3. **Engagement and Interactivity**: Enhancing the course with more interactive elements, such as simulations, practical exercises, and engaging activities, was frequently mentioned. Suggestions also include incorporating more visual aids and multimedia presentations to better illustrate concepts.

4. **Assessment and Feedback Mechanisms**: There's feedback on aligning assessments more closely with course content, increasing the number of tries for final assessments, and improving the clarity and relevance of quiz questions. Incorporating a mid-term assessment and providing more mock tests were also suggested.

5. **Accessibility and Clarity**: Improving the clarity of video lectures, ensuring consistency in language across presentations, and making subtitles selectable for copying were mentioned.

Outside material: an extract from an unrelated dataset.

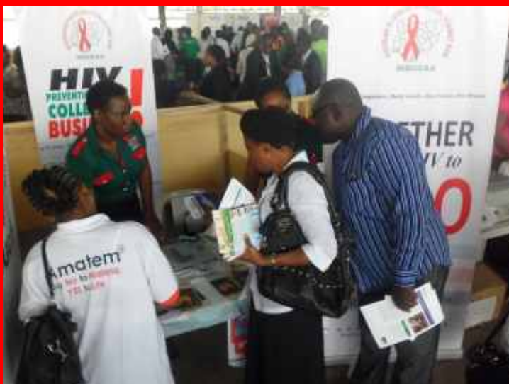
Visitors taking IEC materials at NiBUCAA Stand

Adding subtitles in other languages could also help non-English speakers.

6. **Resource Availability**: Students would appreciate more comprehensive learning materials, including downloadable PDFs, additional study resources, and ongoing access to course content for future reference.

7. **Curriculum Expansion**: Expanding the curriculum to cover more topics and incorporating additional content on current and innovative treatments were suggested to broaden the learning experience.

Overall, while many students found the course satisfactory or even outstanding, these areas of improvement could enhance the educational quality and student engagement.

When I ran this for the example, the model happened to format the output in Markdown, so that's the way I'm displaying it above. This summary gives a pretty reasonable sense at a high level of what students said for this survey question. But if you're looking for more structured output (something you could use as categories in a bar graph, for example), then check out the example notebook on theme derivation, or the (much longer) notebook with the end-to-end example.